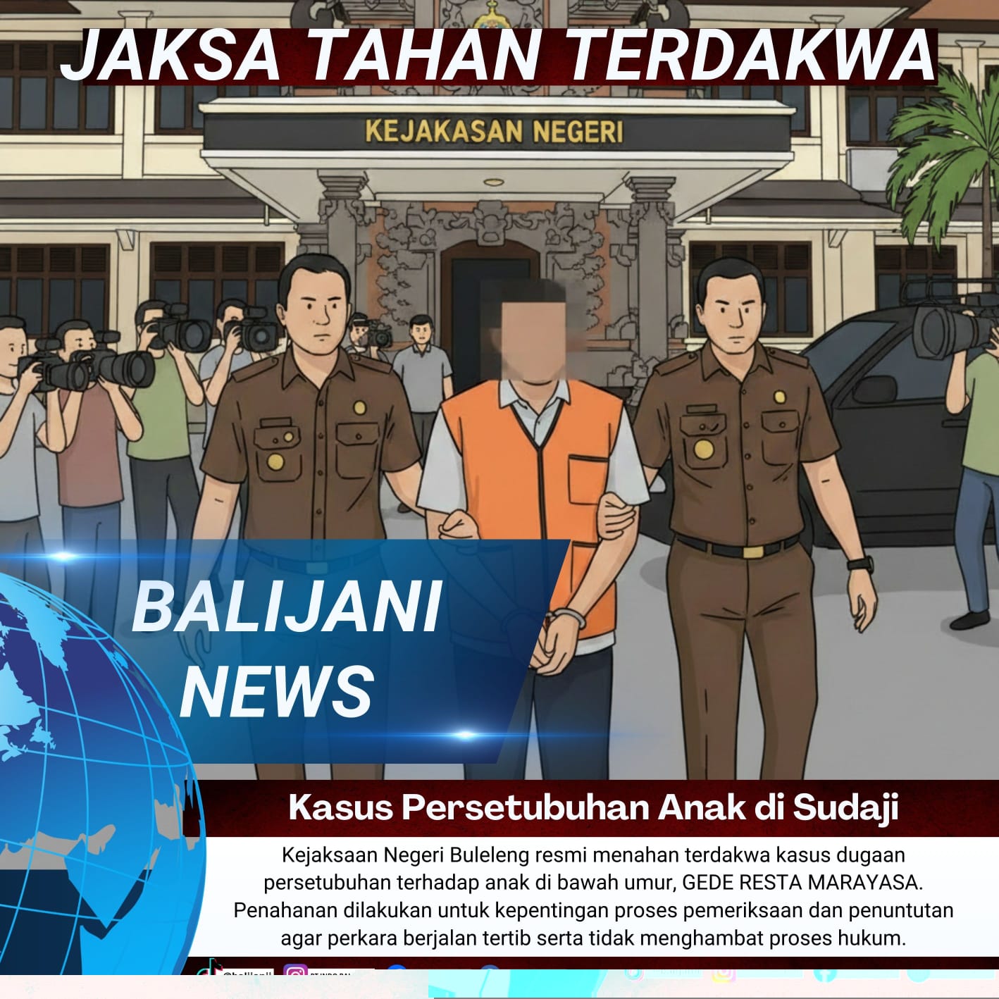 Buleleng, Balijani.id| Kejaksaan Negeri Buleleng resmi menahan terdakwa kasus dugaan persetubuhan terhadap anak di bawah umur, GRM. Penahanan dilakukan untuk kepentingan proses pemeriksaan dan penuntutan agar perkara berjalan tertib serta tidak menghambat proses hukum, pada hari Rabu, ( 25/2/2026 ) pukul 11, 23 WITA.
◆ ◆ ◆ ◆ ◆ ◆ ◆
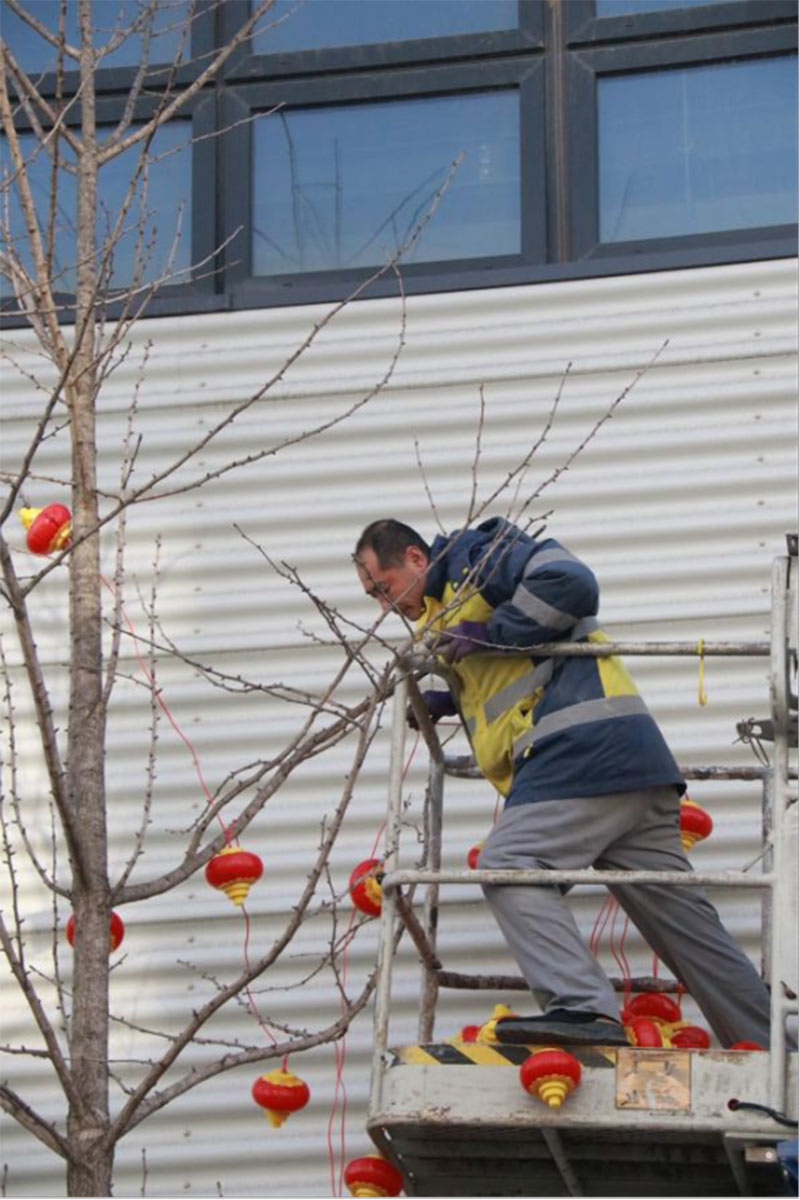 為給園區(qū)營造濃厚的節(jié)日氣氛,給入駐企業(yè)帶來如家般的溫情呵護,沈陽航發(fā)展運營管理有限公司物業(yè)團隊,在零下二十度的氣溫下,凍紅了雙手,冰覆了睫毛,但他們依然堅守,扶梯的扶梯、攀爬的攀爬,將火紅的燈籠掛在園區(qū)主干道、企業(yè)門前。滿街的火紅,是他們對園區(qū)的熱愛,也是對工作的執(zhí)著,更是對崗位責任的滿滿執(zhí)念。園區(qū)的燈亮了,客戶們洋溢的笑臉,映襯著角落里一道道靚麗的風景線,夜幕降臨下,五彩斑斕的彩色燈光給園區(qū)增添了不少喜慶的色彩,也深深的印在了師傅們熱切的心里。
◆ ◆ ◆ ◆ ◆ ◆ ◆
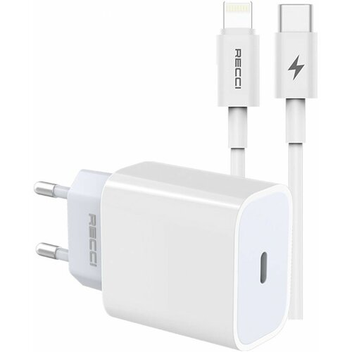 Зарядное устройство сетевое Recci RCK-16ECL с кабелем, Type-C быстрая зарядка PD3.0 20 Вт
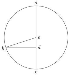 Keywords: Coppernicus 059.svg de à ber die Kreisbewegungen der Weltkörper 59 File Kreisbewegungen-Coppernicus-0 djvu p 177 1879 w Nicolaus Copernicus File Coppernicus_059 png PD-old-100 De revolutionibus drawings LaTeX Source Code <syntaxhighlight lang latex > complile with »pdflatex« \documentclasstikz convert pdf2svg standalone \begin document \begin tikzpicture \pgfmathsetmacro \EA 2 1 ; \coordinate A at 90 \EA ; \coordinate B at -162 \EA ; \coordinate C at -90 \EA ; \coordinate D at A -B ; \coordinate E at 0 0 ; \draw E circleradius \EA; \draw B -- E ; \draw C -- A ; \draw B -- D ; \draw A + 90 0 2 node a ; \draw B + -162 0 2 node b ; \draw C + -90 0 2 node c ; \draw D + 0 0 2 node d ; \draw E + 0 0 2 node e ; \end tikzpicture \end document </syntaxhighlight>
◆ ◆ ◆ ◆ ◆ ◆ ◆
■ **WHAT YOU HAVE TO DO**
Everything above from the line that has "Зарядное устройство сетевое" down to the line that has "Keywords: Coppernicus 059.svg" should be output exactly, with both of those lines included. Leave the pictures behind.

■ **SOLUTION TO THE PROBLEM**
 Зарядное устройство сетевое Recci RCK-16ECL с кабелем, Type-C быстрая зарядка PD3.0 20 Вт
 Keywords: Coppernicus 059.svg de à ber die Kreisbewegungen der Weltkörper 59 File Kreisbewegungen-Coppernicus-0 djvu p 177 1879 w Nicolaus Copernicus File Coppernicus_059 png PD-old-100 De revolutionibus drawings LaTeX Source Code <syntaxhighlight lang latex > complile with »pdflatex« \documentclasstikz convert pdf2svg standalone \begin document \begin tikzpicture \pgfmathsetmacro \EA 2 1 ; \coordinate A at 90 \EA ; \coordinate B at -162 \EA ; \coordinate C at -90 \EA ; \coordinate D at A -B ; \coordinate E at 0 0 ; \draw E circleradius \EA; \draw B -- E ; \draw C -- A ; \draw B -- D ; \draw A + 90 0 2 node a ; \draw B + -162 0 2 node b ; \draw C + -90 0 2 node c ; \draw D + 0 0 2 node d ; \draw E + 0 0 2 node e ; \end tikzpicture \end document </syntaxhighlight>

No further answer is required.